→ WHAT TO WORK ON: Below are some records. Write out the lines from the one containing "Die Bergaer Burg" to the last line, word for word, leaving out pictures.

→ DATA EXTRACT:
● ● ● ●

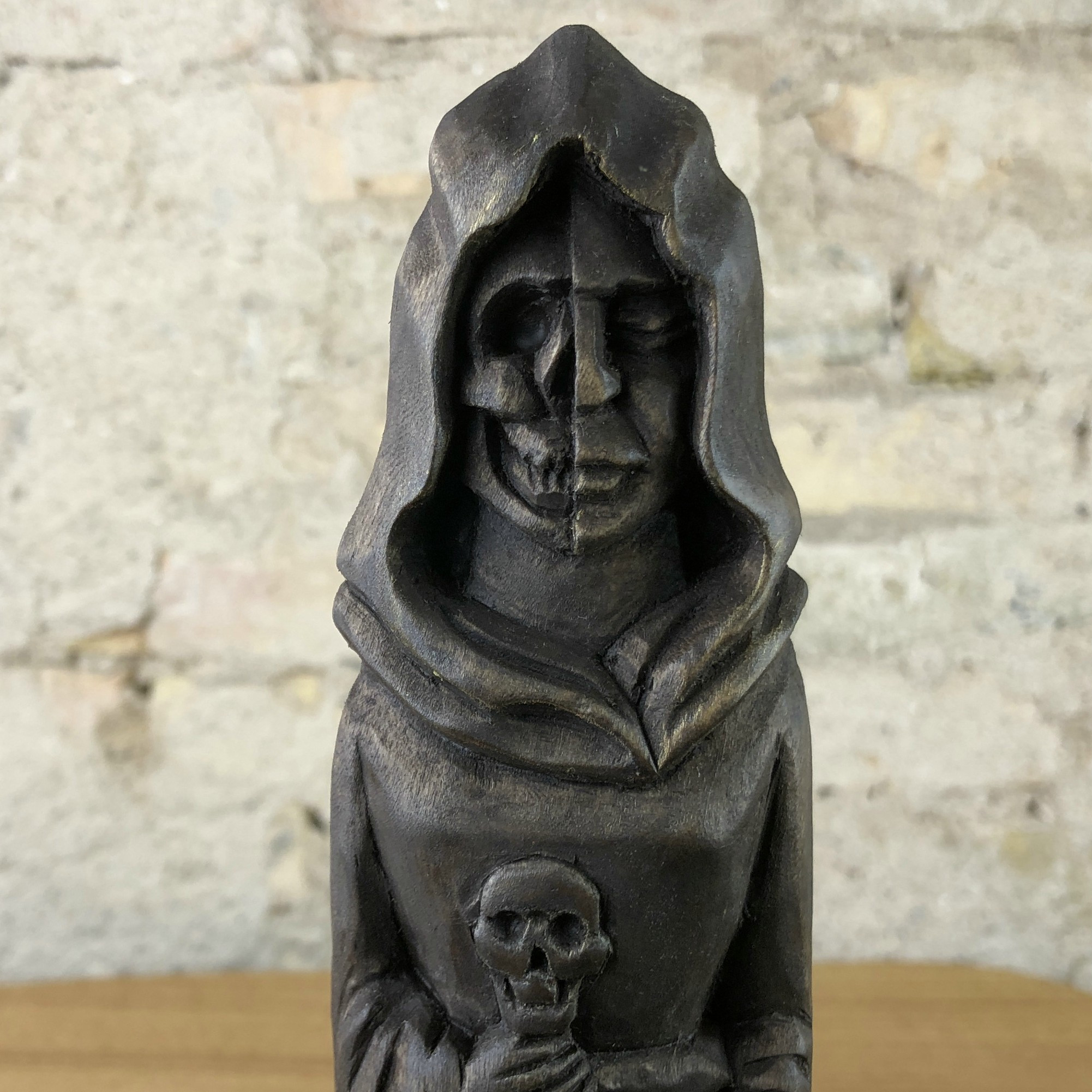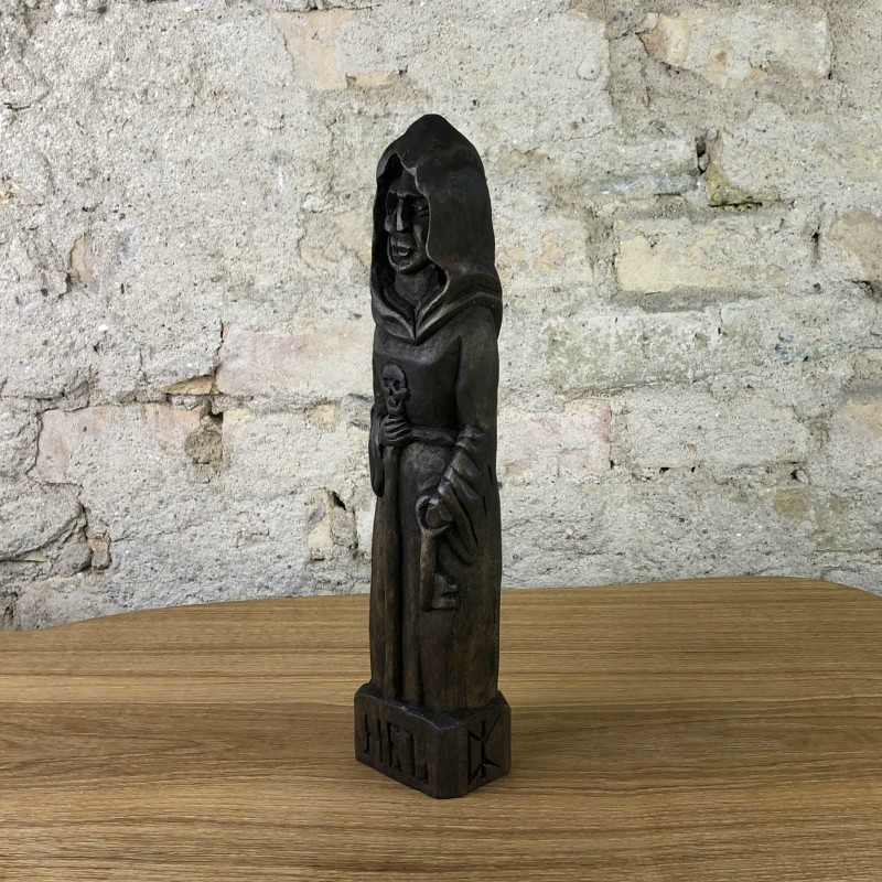 Diese handgefertigte Götterfigur aus Lindenholz zeigt die Göttin Hel aus der nordischen Mythologie. Auf dem Kopf trägt sie einen Umhang, das Gesicht ist geteilt in zwei Hälften, welche den Tod und das Leben symbolisieren. In der rechten Hand hält sie einen Stab mit einem Totenschädel im Griffbereich, in der linken Hand trägst sie einen Schlüssel. Im Sockel ist der Schriftzug HEL zu sehen.
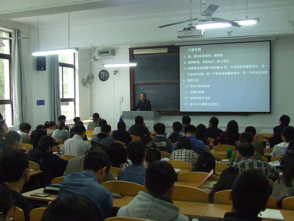 10月16日,我院举办了《中外优秀文化与管理创新-----“系统变革”与“大道至简”》讲座。本次讲座主讲人为我院经济贸易系教授李建中老师。专业学位2016级MBA、MEM全体学员聆听了本次讲座。
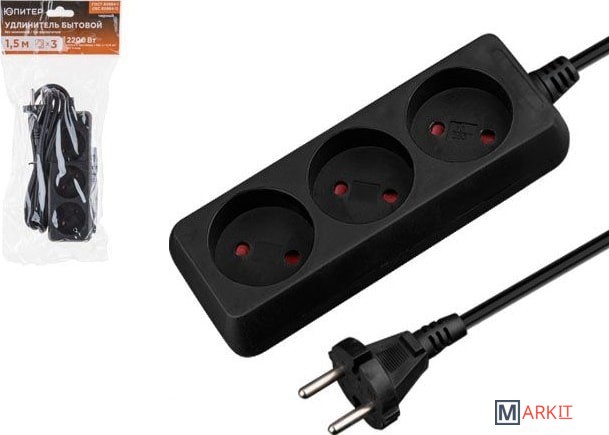Удлинитель ЮПИТЕР изготовлен только из качественных материалов в соответствии с ГОСТ60884-1 и предназначен для подключения бытовых электрических приборов к электрической сети переменного тока внутри помещения.Защитные шторки открываются нажатием только на две одновременно, что обеспечивает надежную защиту от случайного прикосновения к токоведущим частям (защита детей).Реальное сечение провода из чистой меди гарантирует работоспособность удлинителя при подключении нагрузки до 2200Вт.Латунная контактная группа для устойчивого электрического контакта между вилкой и розеткой.Присоединение проводов выполнено методом точечной сварки (в отличие от присоединения винтовыми зажимами), благодаря чему исключается возможность ослабления контактов в течение всего срока службы удлинителя.Удлинитель поставляется в индивидуальном прозрачном пакете с усиленным подвесом, на котором отображена вся необходимая информация.
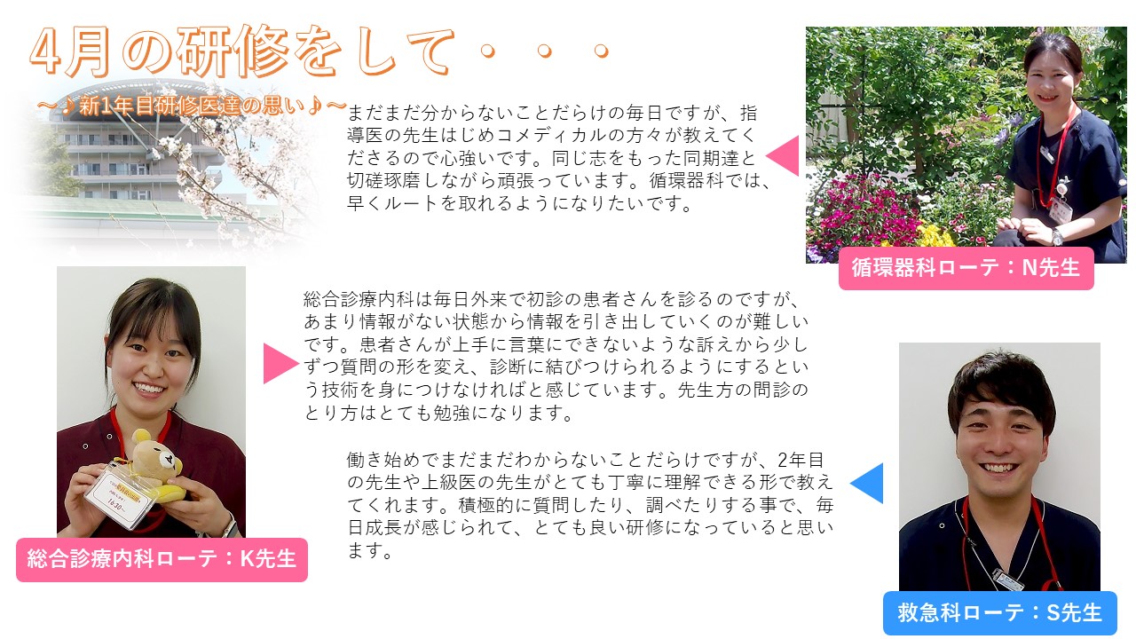 今日は新1年目研修医の研修をスタートしてどうか数名の研修医に聞いてみました♪
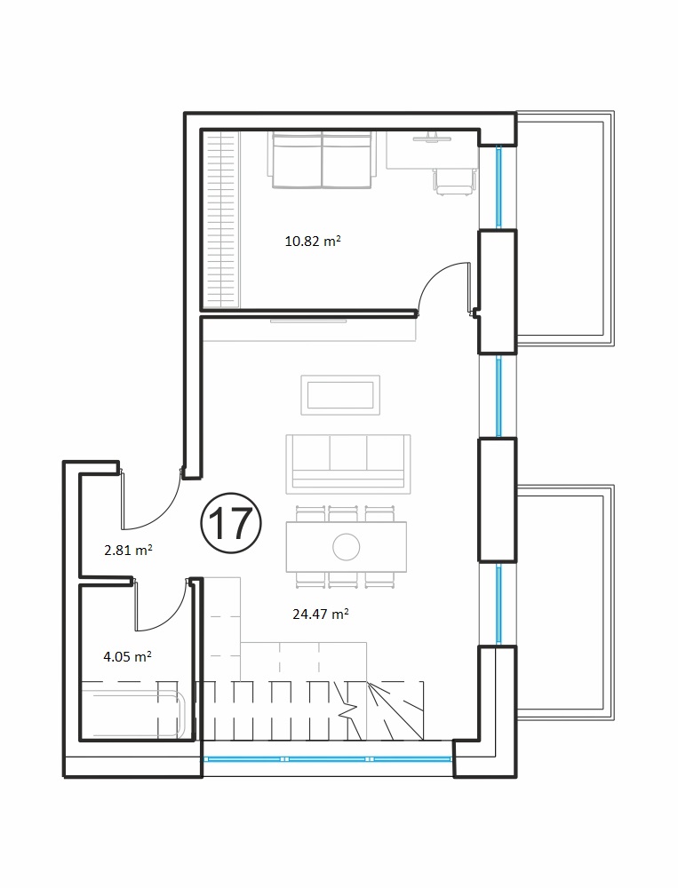 - Gyvenamasis kambarys su virtuve 24.47 m2
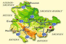 Die Bergaer Burg – bereits frühzeitig als Ritterburg genutzt - erhebt sich nördlich der Stadt auf einem Bergsporn und ist derart von der Bewaldung umschlossen, dass sie darin nahezu verschwindet. Leider fiel das „Bergaer Schloss“ 1994 einem verheerenden Brand zum Opfer.
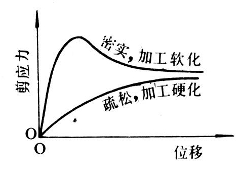 土壤在受压或受剪下常发生剪裂破坏。土壤剪应力与变形的关系是通过采土样在实验室用直剪仪或常规三轴压缩仪获得的。一般旱田土壤表现为或是加工硬化或是加工软化,如图1土壤的剪切强度以驼峰值(加工软化时)或最大值(加工硬化时)标记。剪应力达到剪切强度时土壤开始剪裂破坏。土壤的剪切强度与作用在剪切平面上的法向压力相关,而旱田土壤的剪裂破坏通常遵循库仑准则,即
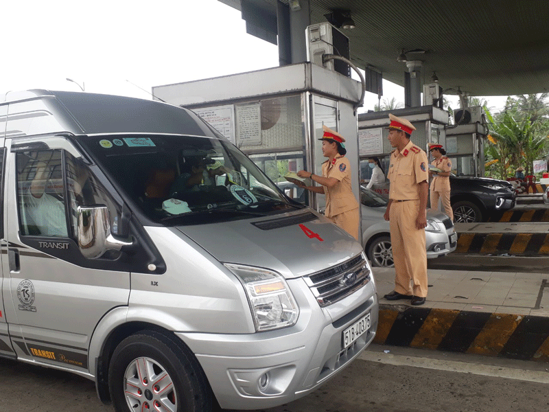 CSGT Công an tỉnh Bến Tre phát tờ rơi tại trạm thu phí cầu Rạch Miễu cho các tài xế.
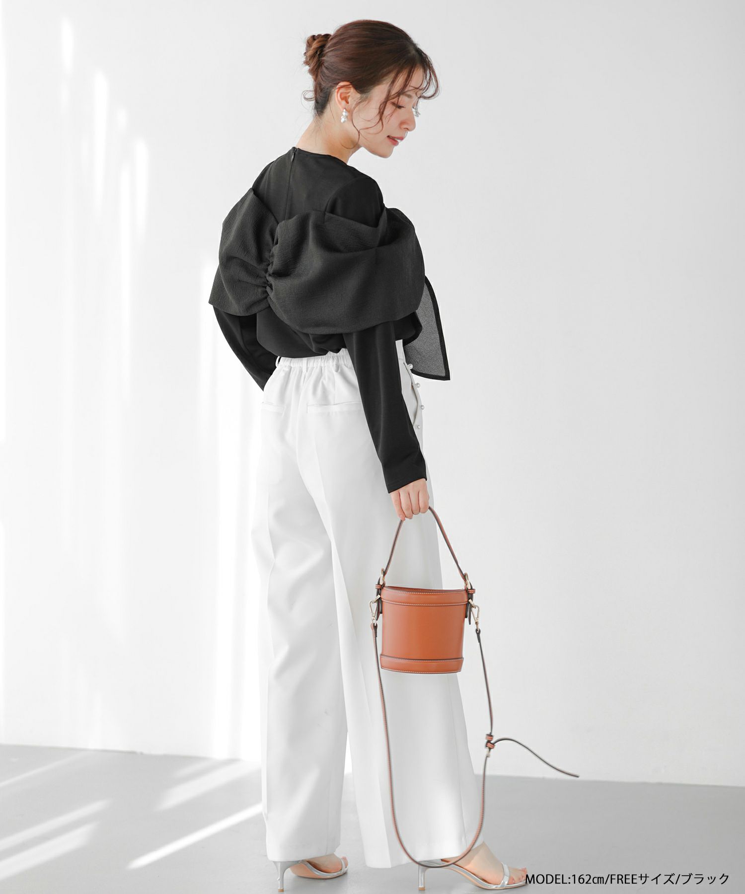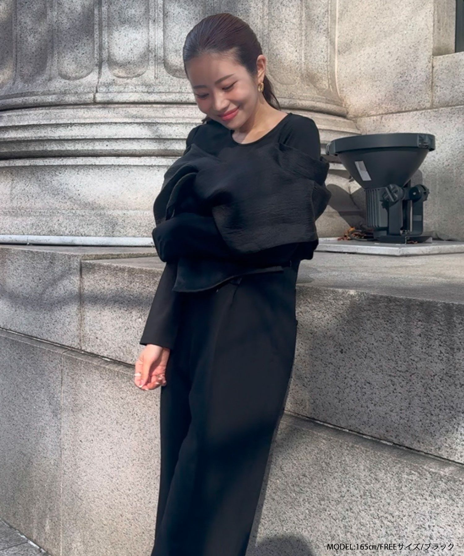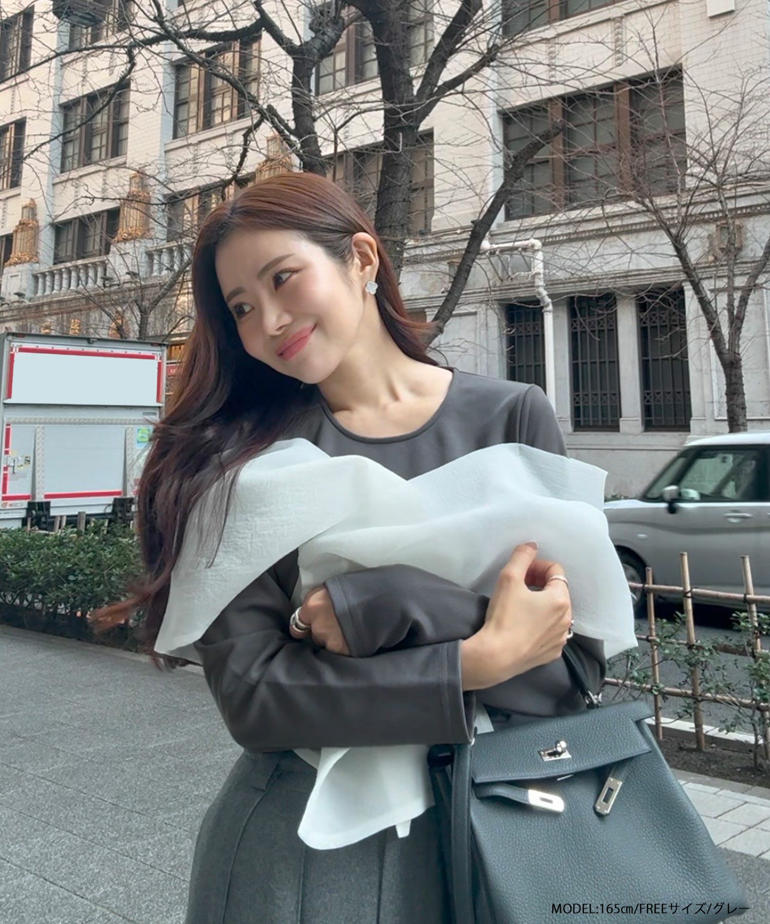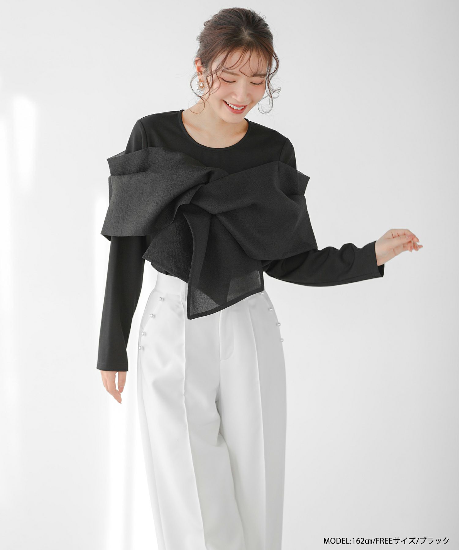 オーガンジーのショールをまとったようなデザイン性のあるカットソー。

● ● ● ●

→ RESPONSE BELOW:
 Die Bergaer Burg – bereits frühzeitig als Ritterburg genutzt - erhebt sich nördlich der Stadt auf einem Bergsporn und ist derart von der Bewaldung umschlossen, dass sie darin nahezu verschwindet. Leider fiel das „Bergaer Schloss“ 1994 einem verheerenden Brand zum Opfer.
 土壤在受压或受剪下常发生剪裂破坏。土壤剪应力与变形的关系是通过采土样在实验室用直剪仪或常规三轴压缩仪获得的。一般旱田土壤表现为或是加工硬化或是加工软化,如图1土壤的剪切强度以驼峰值(加工软化时)或最大值(加工硬化时)标记。剪应力达到剪切强度时土壤开始剪裂破坏。土壤的剪切强度与作用在剪切平面上的法向压力相关,而旱田土壤的剪裂破坏通常遵循库仑准则,即
 CSGT Công an tỉnh Bến Tre phát tờ rơi tại trạm thu phí cầu Rạch Miễu cho các tài xế.
 オーガンジーのショールをまとったようなデザイン性のあるカットソー。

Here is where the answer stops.